Implications for R&D and Commercialization
- The expiration opens opportunities for drug development targeting the same gene with new chemistries.
- Existing patents covering specific sequences could still restrict novel applications or formulations.
- Companies should cross-reference related patents to avoid infringement.
Key Takeaways
- U.S. Patent 6,161,724 claims a method of gene suppression using antisense oligonucleotides targeting lipid-related genes.
- The patent's scope covers specific sequences, delivery methods, and application indications, with a focus on metabolic diseases.
- It has expired, but the surrounding patent landscape remains complex due to earlier related patents.
- Developers should evaluate prior patents for freedom-to-operate, especially concerning specific sequences and pharmaceutical formulations.

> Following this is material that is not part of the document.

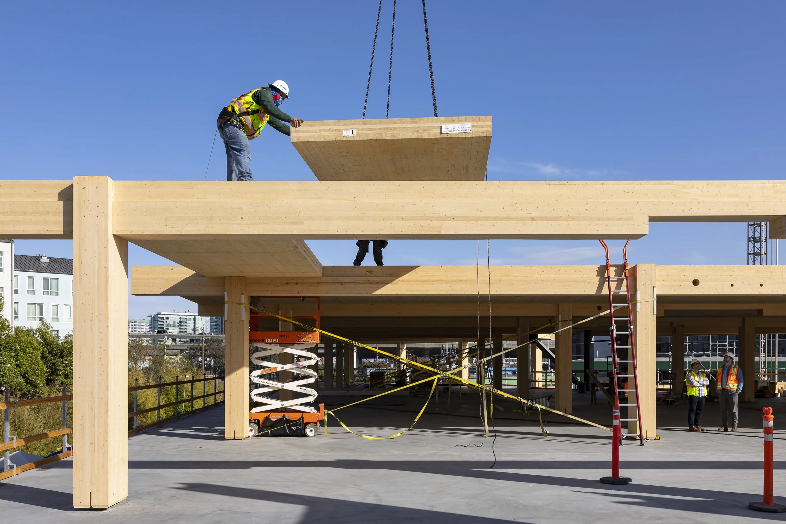 “These jobs involve installing quite a bit of [rebar] and structural concrete,” Reyes said. “The mass timber producers protect the wood by shipping it out covered in plastic sheets. But ultimately, indoors, they want the material to be seen.”

- Modern antisense therapeutics now employ advanced chemistries not covered by this patent.
FAQs
1. Does the expiration of Patent 6,161,724 mean no patent restrictions remain on antisense treatments for lipid genes?
No. While the patent expired, other patents covering specific sequences, delivery methods, or chemical modifications may still impose restrictions.
2. Can new antisense drugs targeting the same gene be developed after the patent's expiration?
Yes. The expiration removes patent barriers, but care must be taken to avoid infringing remaining patents related to specific sequences or formulations.
3. How does this patent compare to newer antisense advancements?
The patent predates many recent chemistries like gapmers or constrained oligonucleotides, which are now standard in the field.
4. Is there patent protection for methods of using antisense oligonucleotides in other diseases?
Protection is specific to the sequences and indications claimed. Broadly, methods for other diseases require separate patent filings.
5. What is the significance of this patent in current antisense drug development?
It serves as a foundational patent illustrating early antisense strategies targeting lipid metabolism, helping contextualize evolving design approaches.
References
[1] United States Patent and Trademark Office. (2000). Patent No. 6,161,724. Retrieved from USPTO database.
[2] Kothary, M., et al. (2005). Structural modifications of antisense oligonucleotides for improved therapeutic efficacy. Bioorganic & Medicinal Chemistry, 13(15), 5048-5058.
[3] European Patent Office. (1997). Patent EP 0 967 245.
[4] Miller, P. S., & Uebele, V. (2021). Advances in antisense oligonucleotide chemistry. Nature Biotechnology, 39(4), 467-473.